Well-written but not my cup of tea.
This debut collection from Barry Lee Thompson is full of those ‘almost’ moments, which all too often we can come to regret. What might have happened if he had knocked on the door just once more, or had actually spoken to the American boy? The reader, just like the protagonist, is left with memories which can be built into any resolution we desire.
Thompson grew up in a working-class area in Liverpool and he uses this background to vividly depict a sense of place in these stories. They are written from two main perspectives—a gay male viewpoint and a family relationships viewpoint, in particular between mother and son.
In The Americans, we meet an ordinary British family on their annual holiday, at a guest house in Bournemouth. The boy in the story so wants to be friends with the American boy from Boston—a place so exotic he can barely imagine it. Meanwhile, his mother has ‘a technique for garnering information. From titbits overheard … she could construct complete histories.’ Thompson’s writing really brought the scene to life for me, as I remembered similar family holidays when I was a child in England.

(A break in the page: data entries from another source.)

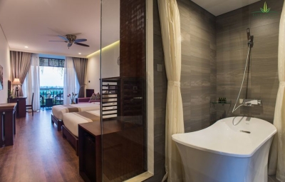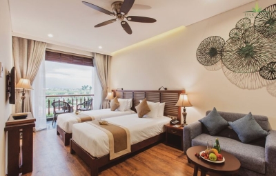 Tất cả các hạng villas, suites và phòng của resort mang sự pha trộn hài hòa giữa kiến trúc Á và Âu trong từng đường nét thiết kế. Mỗi phòng đều có hướng nhìn ra hồ bơi ozon vô cực, khu vườn xanh mát và dòng sông Cổ Cò đẹp như tranh vẽ.
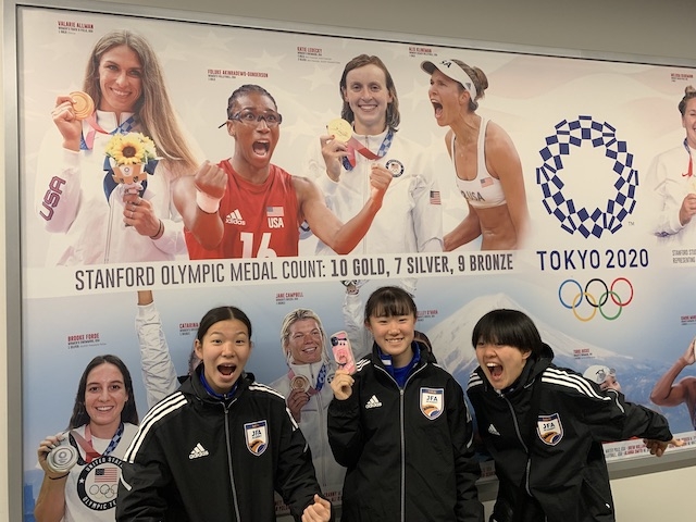 スタンフォード大学は、どのスポーツも強いうえに学力面でも優秀であると聞いていたので、大学の見学を楽しみにしていました。到着すると想像以上に広くて綺麗で感動しました。ホーム・オブ・チャンピオンズという建物に入ると、これまでのスタンフォード大学のスポーつの名選手たちの銅像や写真、獲得したトロフィーやメダルなどがたくさん飾ってありました。私もこの大学に入ってみたいと思いました。ホームステイ先では昨日よりもたくさんの会話をしたりして盛り上がりました。アメリカは日本との違いがたくさんあるけれど、一番驚いたのは私たちの1歳年上のミラという娘さんが車を運転してくれたことです。とても驚きましたが、かっこいいと思いました。
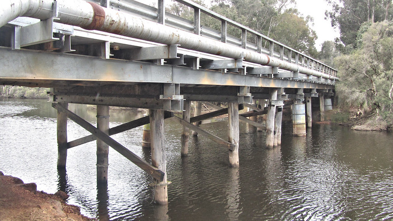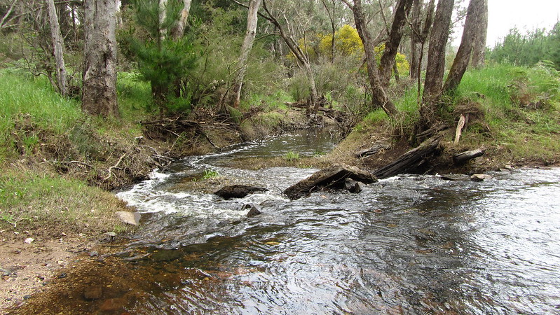 I retraced the long spur back out of town to the track proper, headed up and over to the Collie River. A nice place to stop and swim if the weather were more amiable; today was grey, with a touch of mizzle in the air.

The pace of these stories is often slow as much of the narrative tends to be the main character’s internal monologue. Nonetheless, the writing is tight and focused with vivid
At times I had problems with the lack of a traditional plot when I could not see where the story was going and even when I reached the end, was unsure of what the point of it was. But perhaps the lack of a precise point was the overall meaning of some of these short stories—that life events do not always have a neat beginning, middle, and an end.